Témoignage saisissant de Saïd ⃰, un jeune Erythréen qui raconte son périple jusqu’en Suisse. Emprisonné dans son pays pour avoir déserté l’armée, il s’enfuit et gagne la Libye. Traité comme du bétail par les passeurs qui lui promettent la traversée de la Méditerranée, il croise le chemin des troupes de Daech. Il leur échappera de justesse et continuera sa route jusqu’en Suisse où il espère enfin trouver la paix. Ses espoirs seront vite déçus : le SEM (Secrétariat d’Etat aux migrations) prononce à son encontre une décision de non entrée en matière.

Voix d’Exils (VE): Voulez-vous vous présenter à nos lecteurs ?

Saïd : Je suis né en septembre 1993 à Asmara, en Érythrée, où vivent encore deux de mes frères ; le troisième est au Soudan. J’ai une sœur, également requérante d’asile,  qui vit à Saint-Gall ; Ma mère est en Israël et mon père est militaire en Erythrée.

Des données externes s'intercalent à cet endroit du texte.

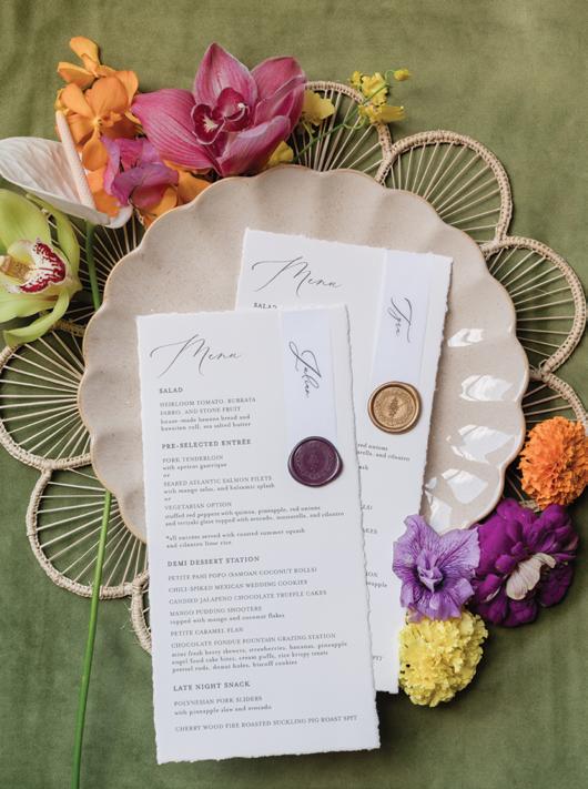 An invitation suite is more than just the main card, it’s a carefully curated ensemble of details. Traditional suites often include the invitation, RSVP card and details card, but modern couples are embracing creative additions like illustrated maps, weekend itineraries and personalized monograms. Whether you opt for a timeless letterpress or a contemporary flat print, layering these elements with thoughtful touches like vellum wraps, silk ribbons or a wax seal create drama and intrigue for your day. And don’t forget the envelope! From calligraphy-adorned addresses to personalized liners, it’s all in the details.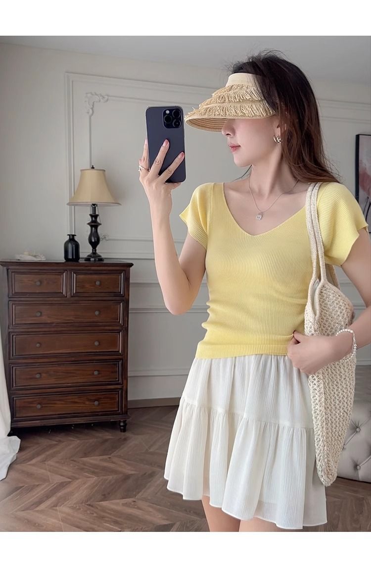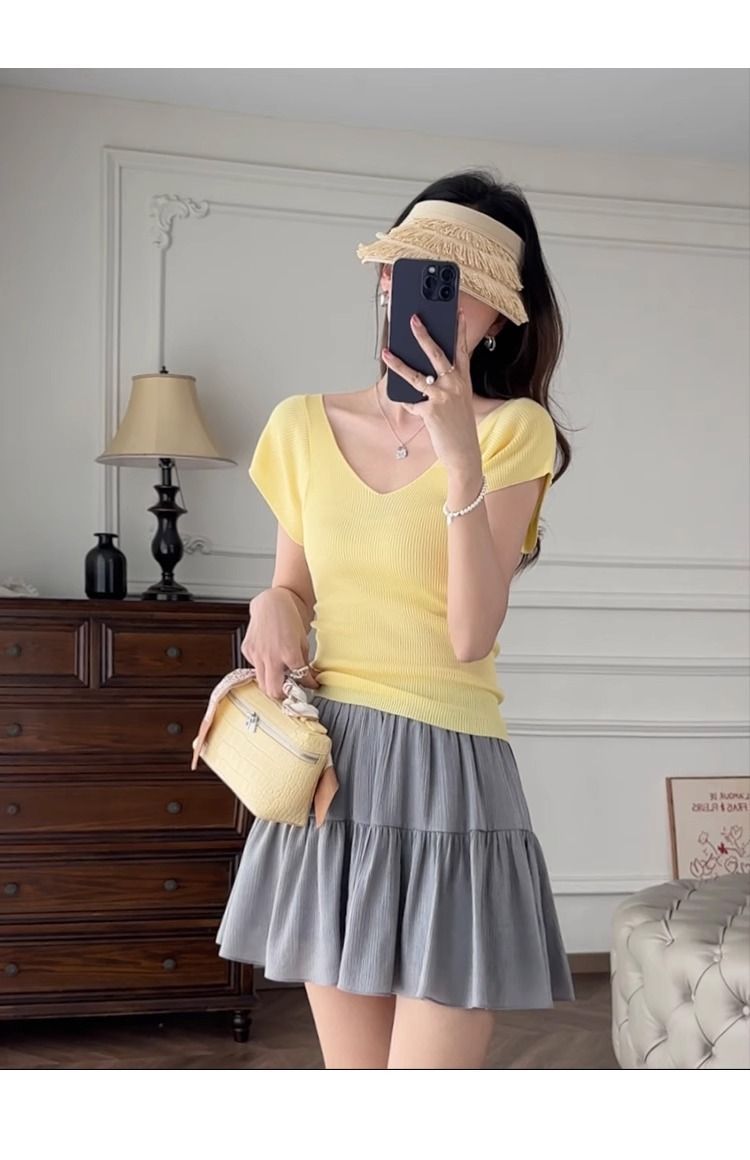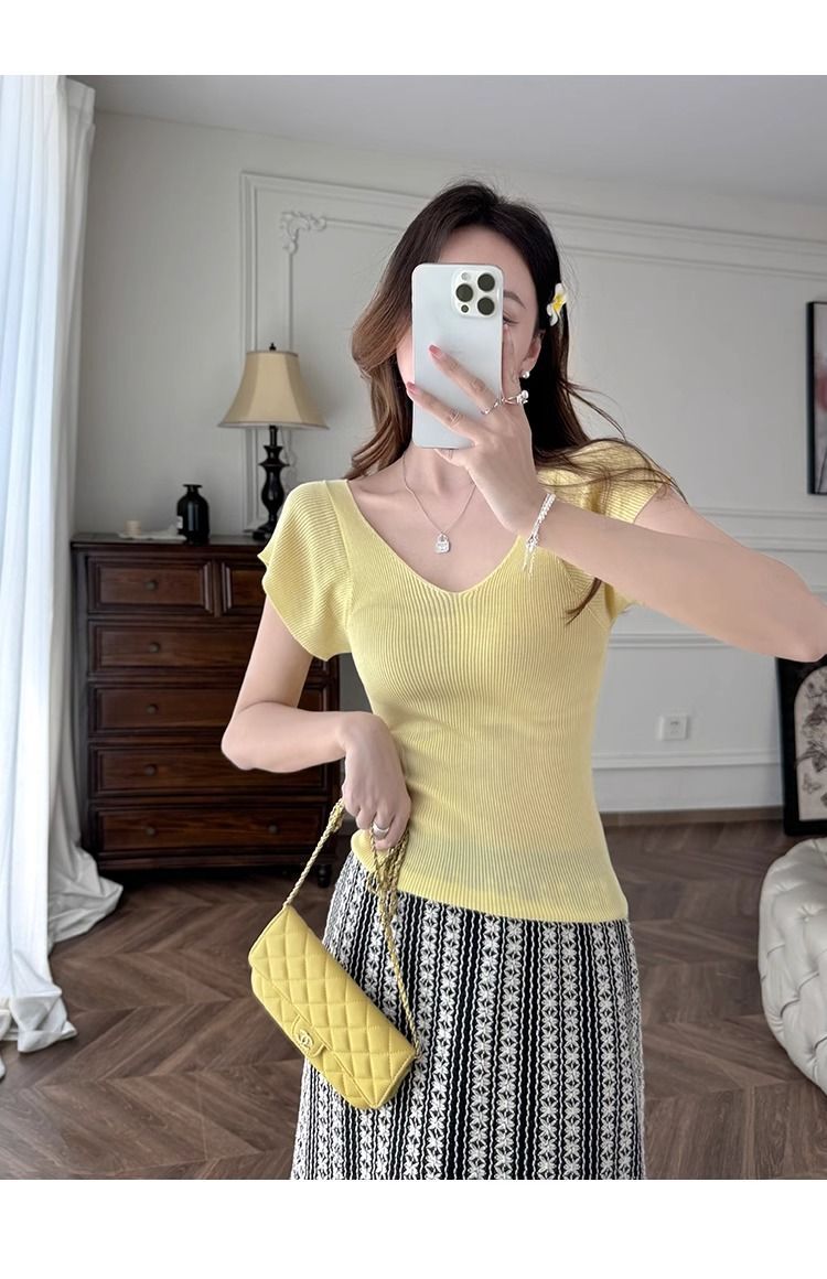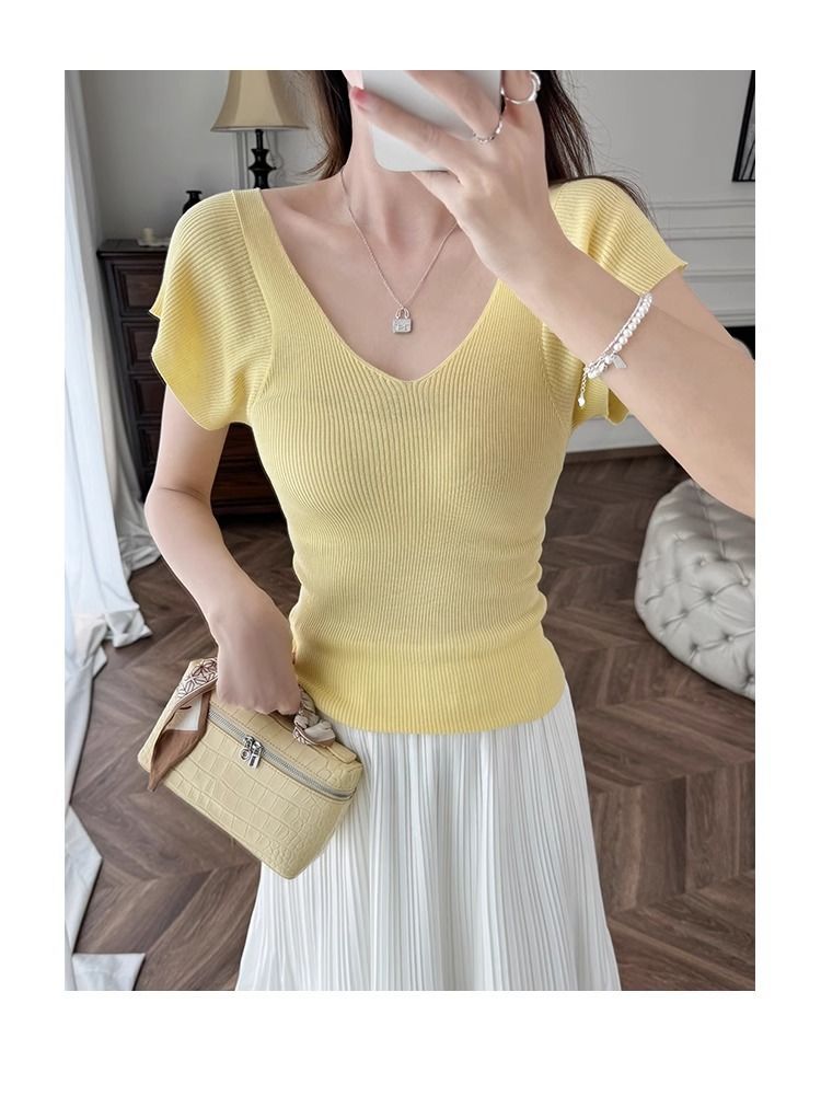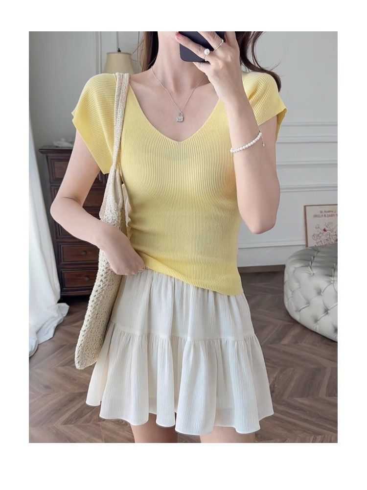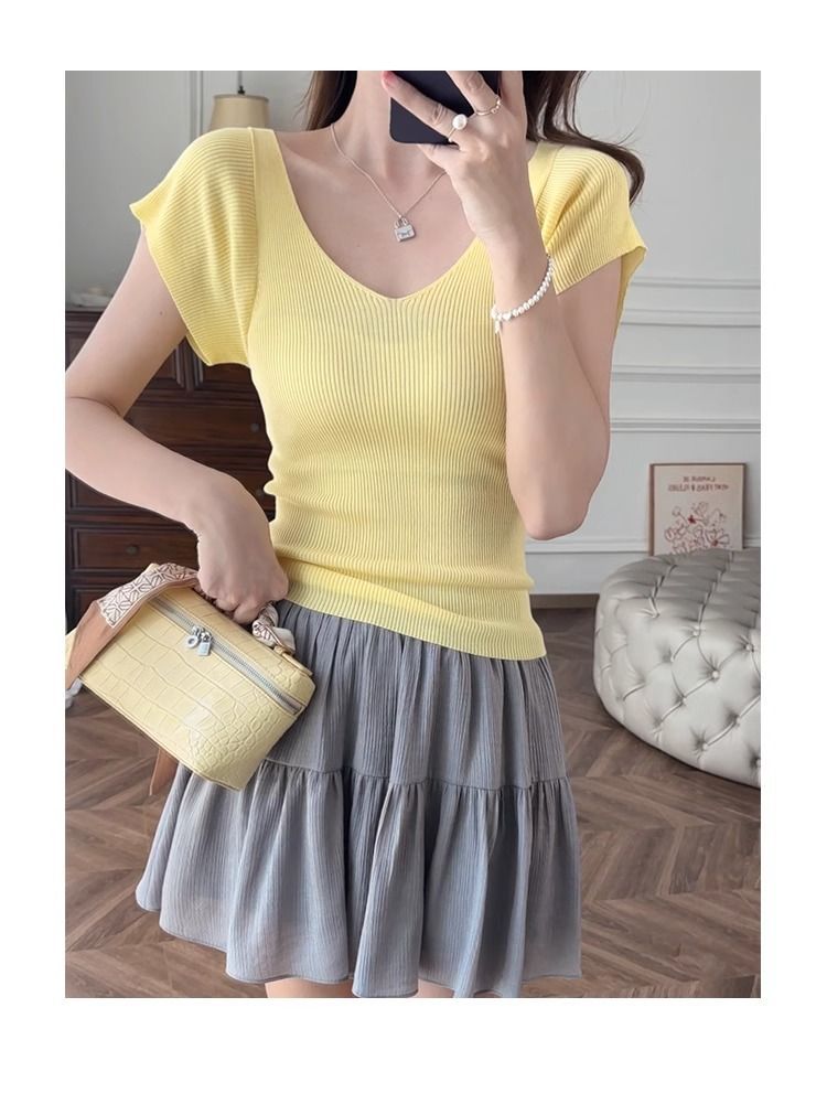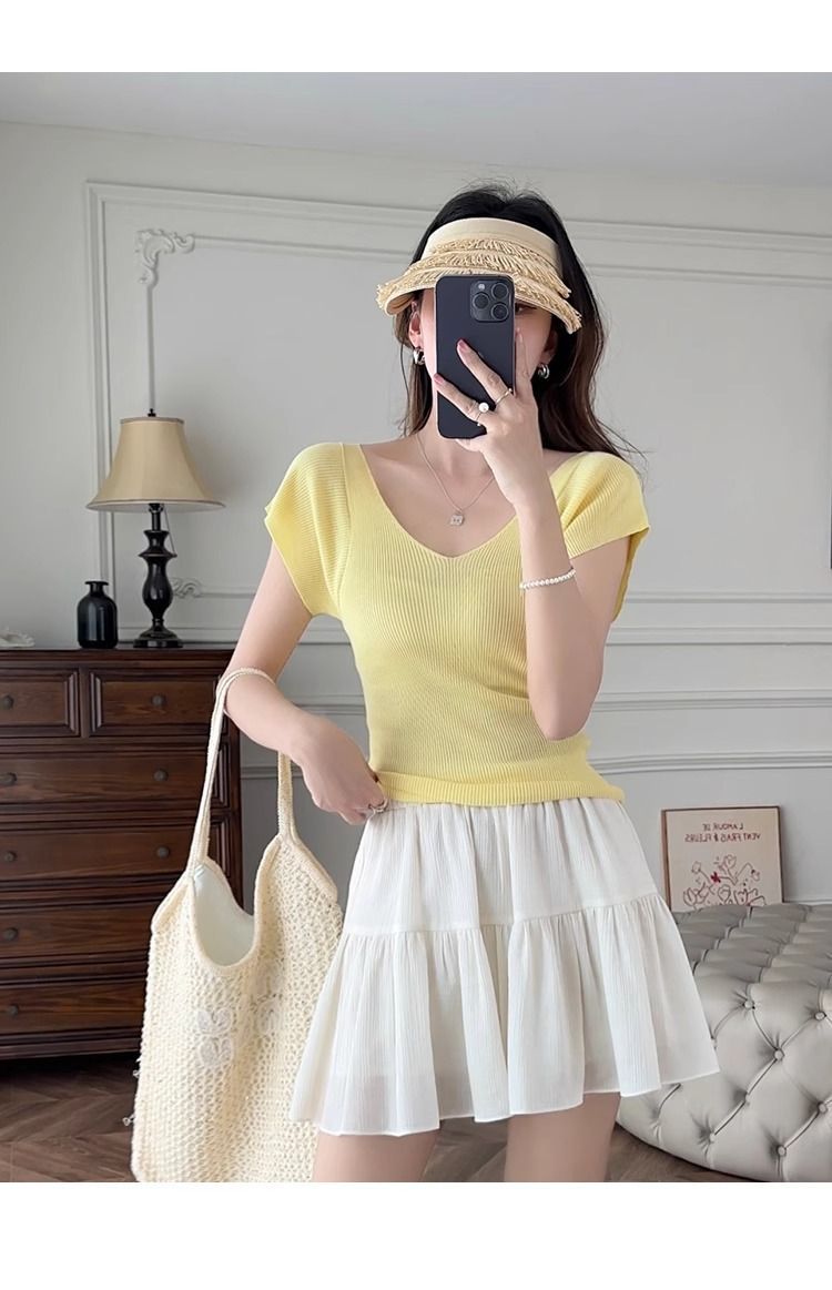 노란색 V 넥 어깨 아이스 실크 니트 반팔 티셔츠 여성용 여름 서양 스타일 독특한 세련된 슬림 핏 달콤한 스파이스 소녀 탑스토어 가기

VE: Quand est-ce que vous avez quitté votre pays? Et pourquoi l’avez-vous fait?

Saïd : En Erythrée, le service militaire est obligatoire. En 2011, j’ai été appelé. Comme j’avais eu un accident et reçu une balle dans la main gauche, je pensais que je serais dispensé. Mais ils m’ont retenu et j’ai dû continuer jusqu’à la fin. Après cela, j’ai été affecté à un régiment du renseignement militaire. Une semaine après, j’ai quitté mon poste et je suis rentré chez moi. Les autorités se sont mises à ma recherche. J’ai essayé de m’enfuir en traversant la frontière avec l’Ethiopie, mais j’ai été vite rattrapé et jeté en prison. C’est là-bas que j’ai rencontré ma femme. Dès que je suis sorti de prison, j’ai essayé à nouveau de quitter le pays et cette fois-ci j’ai réussi en passant par la frontière soudanaise.

VE: Comment s’est déroulé votre périple ?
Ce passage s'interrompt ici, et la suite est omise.